• **Dataset**
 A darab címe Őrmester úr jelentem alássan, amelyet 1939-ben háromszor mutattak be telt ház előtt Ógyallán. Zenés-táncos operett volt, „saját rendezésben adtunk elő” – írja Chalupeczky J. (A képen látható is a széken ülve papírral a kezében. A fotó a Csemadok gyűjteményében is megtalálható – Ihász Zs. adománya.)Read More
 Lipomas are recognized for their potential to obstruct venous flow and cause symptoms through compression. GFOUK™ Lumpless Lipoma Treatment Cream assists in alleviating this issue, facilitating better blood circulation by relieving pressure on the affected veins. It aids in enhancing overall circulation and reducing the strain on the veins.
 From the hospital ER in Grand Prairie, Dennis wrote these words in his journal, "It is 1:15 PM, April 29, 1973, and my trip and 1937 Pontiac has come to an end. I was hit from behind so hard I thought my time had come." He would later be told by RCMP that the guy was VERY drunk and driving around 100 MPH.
==
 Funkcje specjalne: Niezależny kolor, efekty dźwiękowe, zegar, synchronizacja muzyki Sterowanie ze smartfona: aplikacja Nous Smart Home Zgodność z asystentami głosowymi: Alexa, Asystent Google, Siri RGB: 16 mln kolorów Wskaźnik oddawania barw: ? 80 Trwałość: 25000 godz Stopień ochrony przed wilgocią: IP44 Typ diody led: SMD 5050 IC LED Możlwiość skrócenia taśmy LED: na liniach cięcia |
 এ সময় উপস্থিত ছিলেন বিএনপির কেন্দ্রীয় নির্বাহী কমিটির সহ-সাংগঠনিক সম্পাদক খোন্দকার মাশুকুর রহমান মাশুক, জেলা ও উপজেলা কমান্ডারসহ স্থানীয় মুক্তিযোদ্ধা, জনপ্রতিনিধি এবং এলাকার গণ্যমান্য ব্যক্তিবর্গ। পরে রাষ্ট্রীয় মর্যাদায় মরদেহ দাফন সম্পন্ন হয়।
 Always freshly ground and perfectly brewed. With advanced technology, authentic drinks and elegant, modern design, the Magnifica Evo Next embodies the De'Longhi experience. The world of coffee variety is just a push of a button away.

• **Your goal**
I'd like the lines above from the one with "A darab címe" up to and including the one with "From the hospital" copied exactly, with no other lines.

• **Written response**
 A darab címe Őrmester úr jelentem alássan, amelyet 1939-ben háromszor mutattak be telt ház előtt Ógyallán. Zenés-táncos operett volt, „saját rendezésben adtunk elő” – írja Chalupeczky J. (A képen látható is a széken ülve papírral a kezében. A fotó a Csemadok gyűjteményében is megtalálható – Ihász Zs. adománya.)Read More
 Lipomas are recognized for their potential to obstruct venous flow and cause symptoms through compression. GFOUK™ Lumpless Lipoma Treatment Cream assists in alleviating this issue, facilitating better blood circulation by relieving pressure on the affected veins. It aids in enhancing overall circulation and reducing the strain on the veins.
 From the hospital ER in Grand Prairie, Dennis wrote these words in his journal, "It is 1:15 PM, April 29, 1973, and my trip and 1937 Pontiac has come to an end. I was hit from behind so hard I thought my time had come." He would later be told by RCMP that the guy was VERY drunk and driving around 100 MPH.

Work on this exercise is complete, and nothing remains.